Чтобы не путаться в мыслях о времени, прапорщик весь обратился в слух, причём это было так заметно, что Усачёву на миг показалось, что даже на черных начищенных до парадного блеска голенищах хромовых сапог его подчинённого вдруг выросли уши.

— Закуривай, — командир предложил Славику сигарету, и пока тот дрожащими от волнения пальцами рук пытался прикурить, продолжил. — Начинается август, а в августе приедут кадеты, выпускники суворовских военных училищ. Это страшная сила, Слава, особенно, когда они вместе, и особенно тогда, когда они ничем не заняты. Понимаешь, куда я клоню?

Прапорщик машинально кивнул головой, не смея возражать командиру и, одновременно с этим, не желая показывать, что он ровным счётом ничего не понял, особенно значения словосочетания «кадеты — страшная сила».

— Наверное, они страшно красивые? — подумал про себя бедный Славик, у которого от мысленного напряжения даже кожа головы под уставной причёской сложилась в гармошку.
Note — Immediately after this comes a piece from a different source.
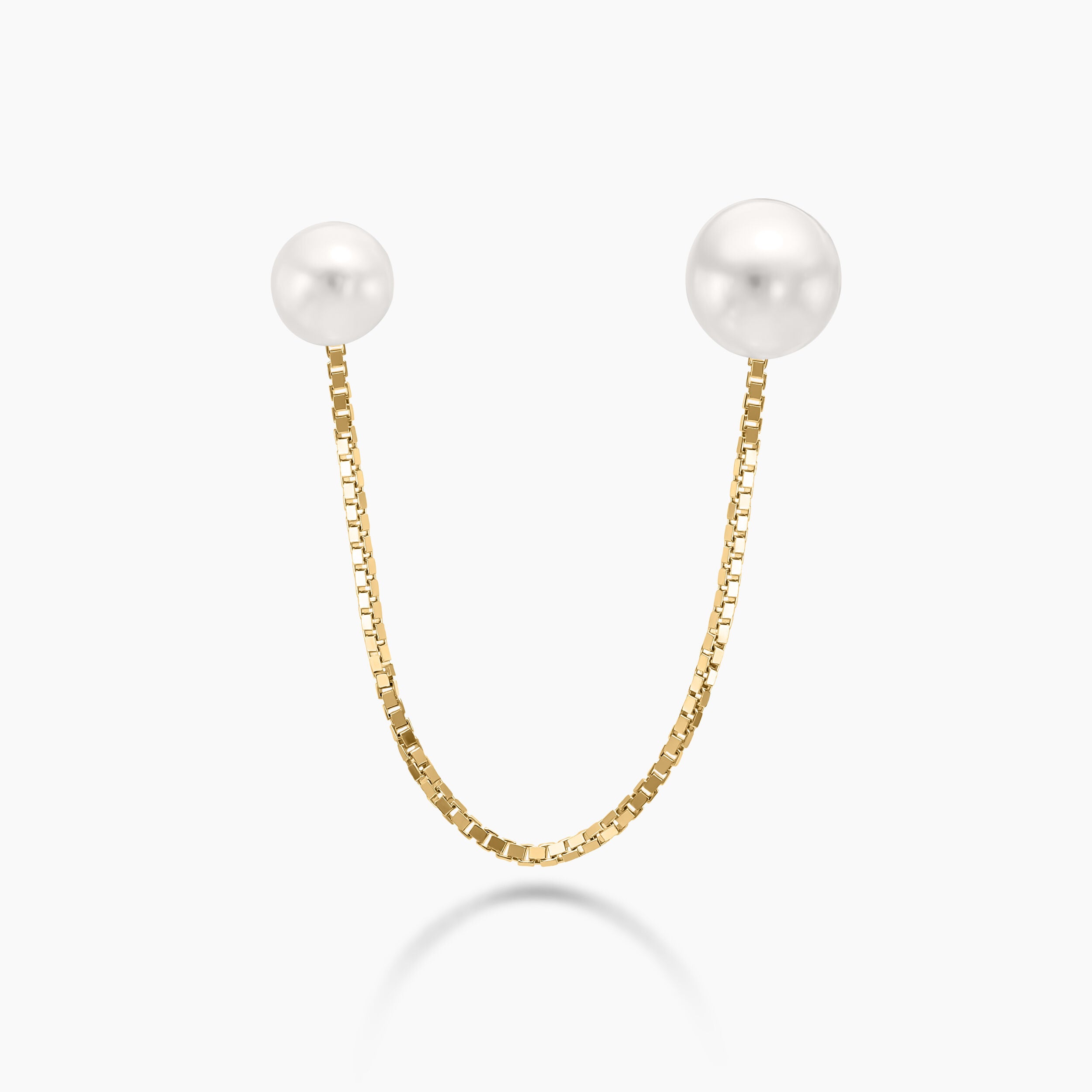 This single earring offers a bold twist on the classic stud design. Featuring two pearl studs delicately connected by a fine chain, adding a modern touch to traditional elegance.This earring is designed specifically for double piercings.

А ещё он почему-то вспомнил рассказ школьной учительницы про Суворовских чудо-богатырей, которые сваливались на врага, как снег на голову и громили, громили…

Славику стало нехорошо, отчего его тело охватил предательский мелкий озноб, лоб совершенно некстати покрылся испариной, а между лопаток пробежал холодок, и маленькая струйка солёного пота скатилась по линии позвоночника прямо в семейные трусы синего цвета.

— Что-то ты бледный сегодня какой-то, — заметил командир и почесал карандашом за ухом. — Заболел?

— Никак нет, — через силу выдавил прапорщик.

А командир дивизиона, уловив настроение подчинённого (благо, это было несложно сделать), перевёл разговор в другое русло.

— Ты вот что, не смущайся и не бойся этих самых кадетов, — улыбнулся Усачёв. — С ними надо по-умному, занять их чем-нибудь надо.

И заняли: с раннего утра и до позднего вечера Юра и остальные выпускники Суворовских училищ, не покладая рук, до кровавых мозолей трудились на строительстве водовода под руководством прапорщика Зажигова. Именно он был идейным вдохновителем и организатором образцового труда нескольких десятков человек. Прапорщик освоился среди кадетов очень быстро, похоронив навсегда все те комплексы, которые испытывал вплоть до самого знакомства с этой удалой гвардией, потому что ему-то было за что бороться: сам полковник Усачёв посулил добавить ещё по одной звёздочке на его погоны. Зажигов от таких перспектив жмурился, как мартовский кот и вздыхал, как кисейная барышня, не в силах отказать себе мечтать о новом звании, недавно введённом в вооружённых силах. Это заставляло его чаще спускаться в появившуюся новую траншею с традиционным вопросом:

— Ну, как сегодня идут дела?

Он медленно проходил каждый метр прямоугольной ямы, внимательно осматривая и стены, и пол, потом цокал языком и показывал, где надо немного подравнять, где углубить, а где и подсыпать песочка, чтобы «труба лежала ровно». И ребята старались, рвали жилы, буквально вгрызаясь в твёрдую землю, как будто бы от качества выполнения этой работы зависела дальнейшая судьба всего училища, и извечный вопрос «быть или не быть?» приобретал вполне реальные очертания. Одним словом, агитировать кого-либо было без надобности.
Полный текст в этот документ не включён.